What is being asked -
Would you write out the listing verbatim and skip every picture in it?

Data for this task -
******************************

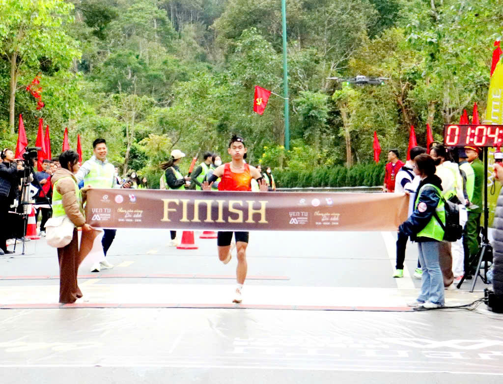 VĐV đầu tiên về đích, chinh phục thành công cự ly 21km.
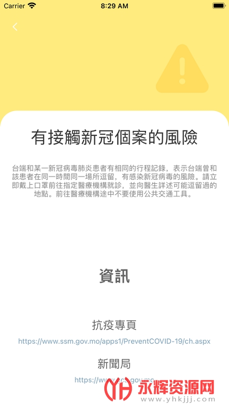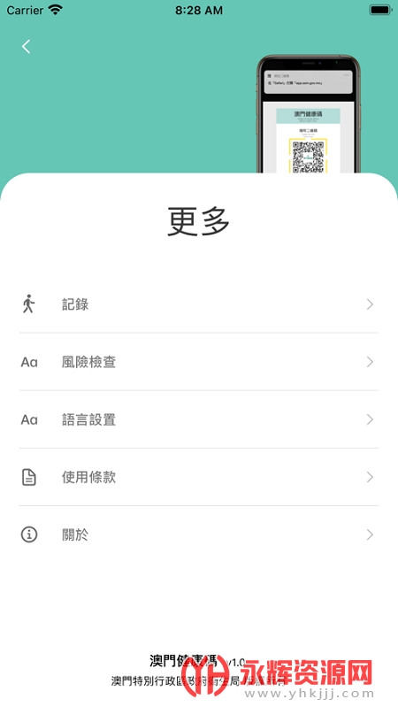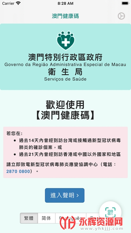 澳门健康码app是一款十分好用的防疫出行服务软件,使用这款软件可以一键展示健康码来方便你在澳门进行出行,有需要的朋友们可以来永辉资源网下载使用哦!
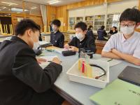 5月28日(火)の5限目に、3年生の理科で校内授業研究を行いました。学習内容は中和滴定で、水溶液内のイオンの変化についてグループで意見交換をしました。整理会で出た課題を次の授業へ生かしていきましょう。
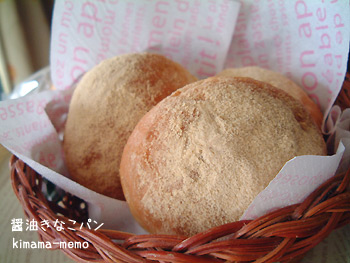 生地に醤油を混ぜ込んで、焼き上がりにバター醤油を塗り、きなこ砂糖をたっぷりかけた「醤油きなこパン」です。
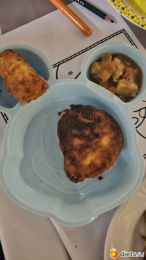Пример детских блюд из специального стенда: рыба в тесте, блины и гуляш из курфиле
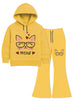 Adorable yellow tracksuit set for girls featuring cute cat face with glasses and 'Meow' text surrounded by hearts. Includes soft fleece hoodie with hood, drawstrings, and front pocket, plus matching flare pants with cat graphic on leg. Warm and comfortable material perfect for winter. Your little cat lover will adore this sweet and playful outfit! Perfect for girls who love cats and fun fashion
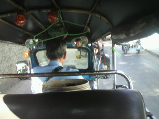 小雨の降る中、朝7時台に第2バスターミナルに行くため、ゲストハウスTOKYO HOTELが呼び止めてくれたトゥクトゥクを... 続きを読む利用。従業員に「40バーツ?」と聞くと、数秒熟考のち「60」と言われたので、素直に60バーツ支払った。事前に読んだWikitravelの英語サイトには、「コラートのトゥクトゥクドライバーは、パタヤやプーケットと違って値段をふっかけたりしない」と書いてあったので。
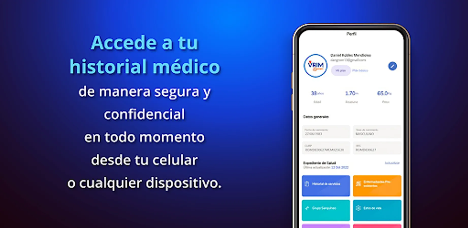 Access your medical history safely and confidentially at all times from your cell phone or any device.
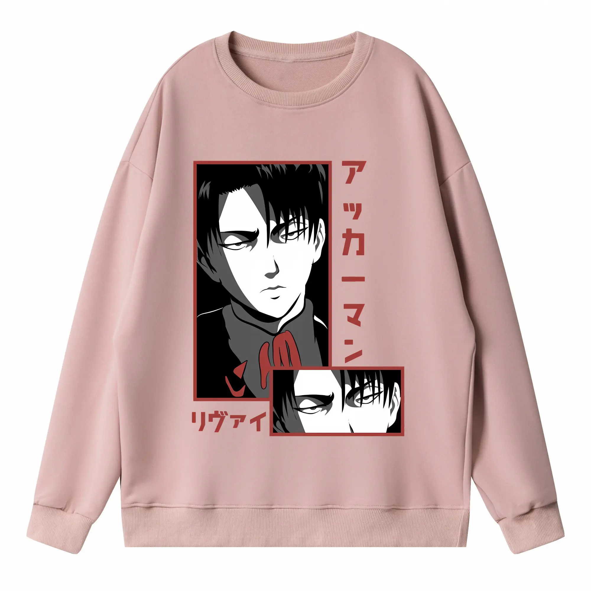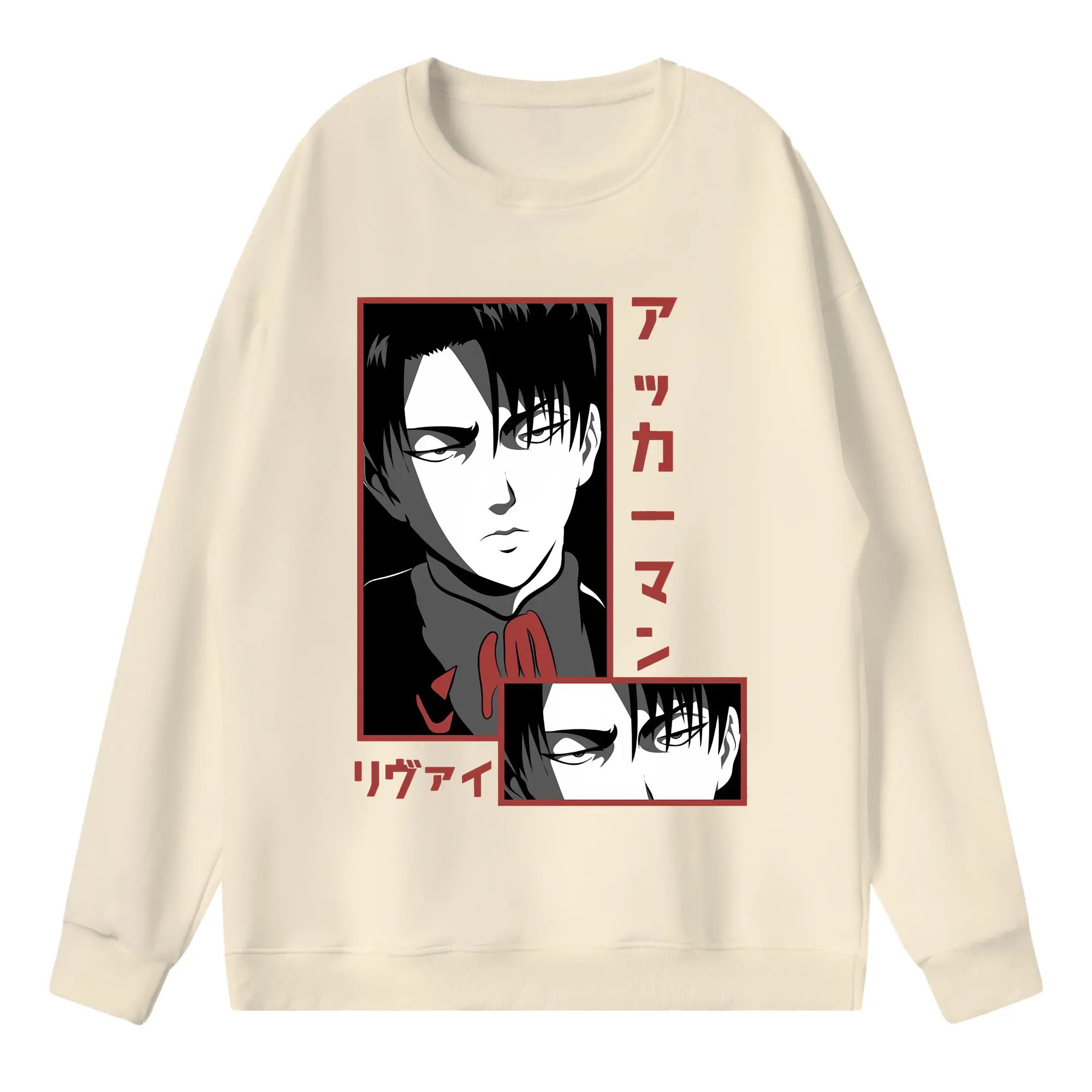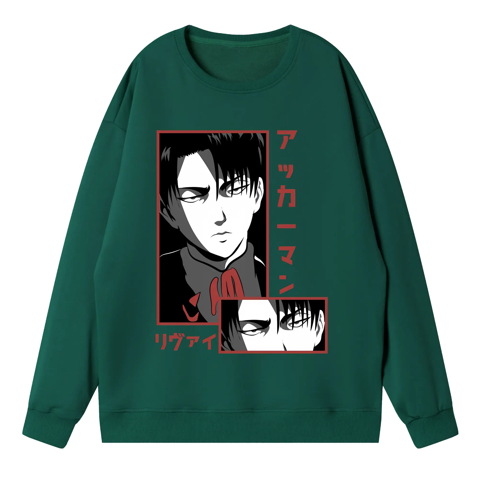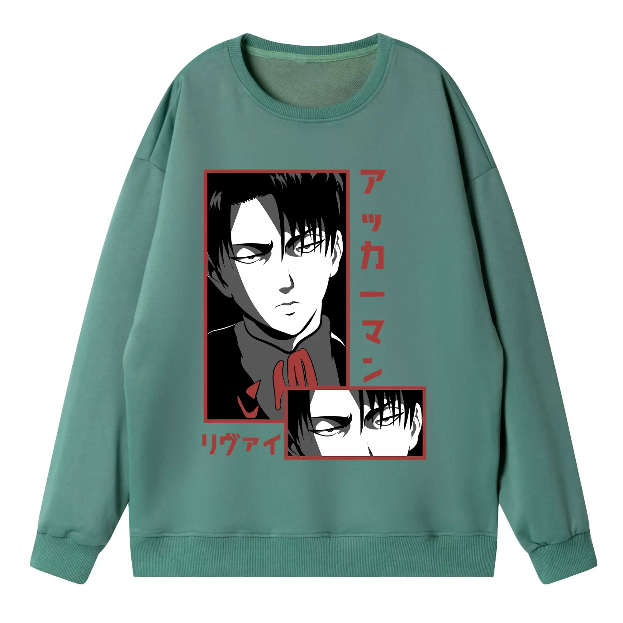 進撃の巨人 グッズ リヴァイ・アッカーマン - 高品質 クルーネック スウェット ・ コットン59% ポリエステル41% ・ ユニセックス 長袖 トレーナー ・ カジュアル デイリー スポーツ 散歩用
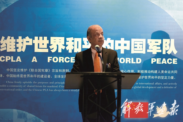 毛乃國(guó)在致辭中表示,中國(guó)軍隊(duì)是維護(hù)世界和平的堅(jiān)定力量,已參加24項(xiàng)聯(lián)合國(guó)維和行動(dòng),派出官兵3.9萬余人次。根據(jù)聯(lián)合國(guó)授權(quán),中國(guó)海軍在亞丁灣已為6600余艘次中外船舶護(hù)航。中國(guó)軍隊(duì)還積極參加國(guó)際災(zāi)難救援和人道主義援助。中國(guó)軍隊(duì)與正義同行、與和平相伴,始終是尊重生命、呵護(hù)安寧的“暖實(shí)力”。
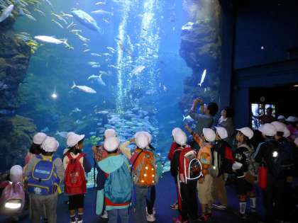 また,大水槽の前でいろいろな魚が泳いでいるところに
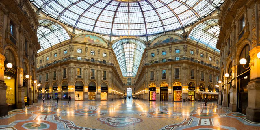 作为购物中心的伊曼组尔二世走廊,聚集着世界不少名品,道路两旁有咖啡馆、餐馆、书店及汉堡包店各种店,到处是休息的市民及游客,这里总是很热闹。穿过这条通道来到的斯卡拉广场 Piazza della SealaL有列奥纳尔德·达·芬奇的像。米兰的“客厅咖啡馆”听说是供应米兰极好的咖啡,一杯卡布其诺要价6,000里拉。这里还时常会有活动举办,独具意大利特色,吸引当地居民和世界各地游客前来围观,周边的商铺也因此得利,人们纷纷游逛于富有特色的不同商铺间,甚至会眼花缭乱。
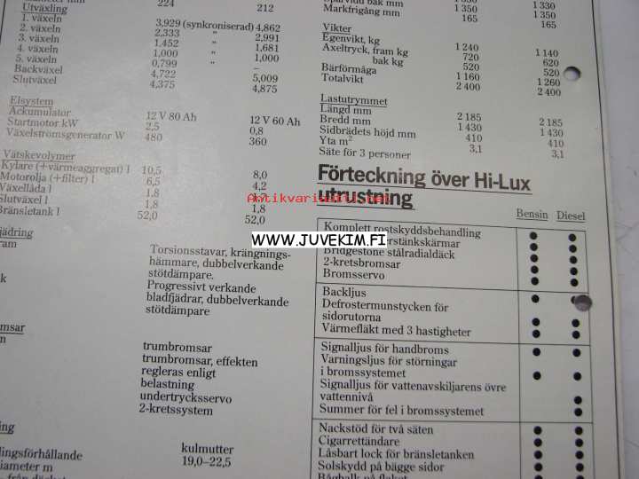 Toyota Hi-Lux försäljningsbroschyr -myyntiesite

******************************

Answer space -
 VĐV đầu tiên về đích, chinh phục thành công cự ly 21km.
 澳门健康码app是一款十分好用的防疫出行服务软件,使用这款软件可以一键展示健康码来方便你在澳门进行出行,有需要的朋友们可以来永辉资源网下载使用哦!
 5月28日(火)の5限目に、3年生の理科で校内授業研究を行いました。学習内容は中和滴定で、水溶液内のイオンの変化についてグループで意見交換をしました。整理会で出た課題を次の授業へ生かしていきましょう。
 生地に醤油を混ぜ込んで、焼き上がりにバター醤油を塗り、きなこ砂糖をたっぷりかけた「醤油きなこパン」です。
Пример детских блюд из специального стенда: рыба в тесте, блины и гуляш из курфиле
 Adorable yellow tracksuit set for girls featuring cute cat face with glasses and 'Meow' text surrounded by hearts. Includes soft fleece hoodie with hood, drawstrings, and front pocket, plus matching flare pants with cat graphic on leg. Warm and comfortable material perfect for winter. Your little cat lover will adore this sweet and playful outfit! Perfect for girls who love cats and fun fashion
 小雨の降る中、朝7時台に第2バスターミナルに行くため、ゲストハウスTOKYO HOTELが呼び止めてくれたトゥクトゥクを... 続きを読む利用。従業員に「40バーツ?」と聞くと、数秒熟考のち「60」と言われたので、素直に60バーツ支払った。事前に読んだWikitravelの英語サイトには、「コラートのトゥクトゥクドライバーは、パタヤやプーケットと違って値段をふっかけたりしない」と書いてあったので。
 Access your medical history safely and confidentially at all times from your cell phone or any device.
 進撃の巨人 グッズ リヴァイ・アッカーマン - 高品質 クルーネック スウェット ・ コットン59% ポリエステル41% ・ ユニセックス 長袖 トレーナー ・ カジュアル デイリー スポーツ 散歩用
 毛乃國(guó)在致辭中表示,中國(guó)軍隊(duì)是維護(hù)世界和平的堅(jiān)定力量,已參加24項(xiàng)聯(lián)合國(guó)維和行動(dòng),派出官兵3.9萬余人次。根據(jù)聯(lián)合國(guó)授權(quán),中國(guó)海軍在亞丁灣已為6600余艘次中外船舶護(hù)航。中國(guó)軍隊(duì)還積極參加國(guó)際災(zāi)難救援和人道主義援助。中國(guó)軍隊(duì)與正義同行、與和平相伴,始終是尊重生命、呵護(hù)安寧的“暖實(shí)力”。
 また,大水槽の前でいろいろな魚が泳いでいるところに
 作为购物中心的伊曼组尔二世走廊,聚集着世界不少名品,道路两旁有咖啡馆、餐馆、书店及汉堡包店各种店,到处是休息的市民及游客,这里总是很热闹。穿过这条通道来到的斯卡拉广场 Piazza della SealaL有列奥纳尔德·达·芬奇的像。米兰的“客厅咖啡馆”听说是供应米兰极好的咖啡,一杯卡布其诺要价6,000里拉。这里还时常会有活动举办,独具意大利特色,吸引当地居民和世界各地游客前来围观,周边的商铺也因此得利,人们纷纷游逛于富有特色的不同商铺间,甚至会眼花缭乱。
 Toyota Hi-Lux försäljningsbroschyr -myyntiesite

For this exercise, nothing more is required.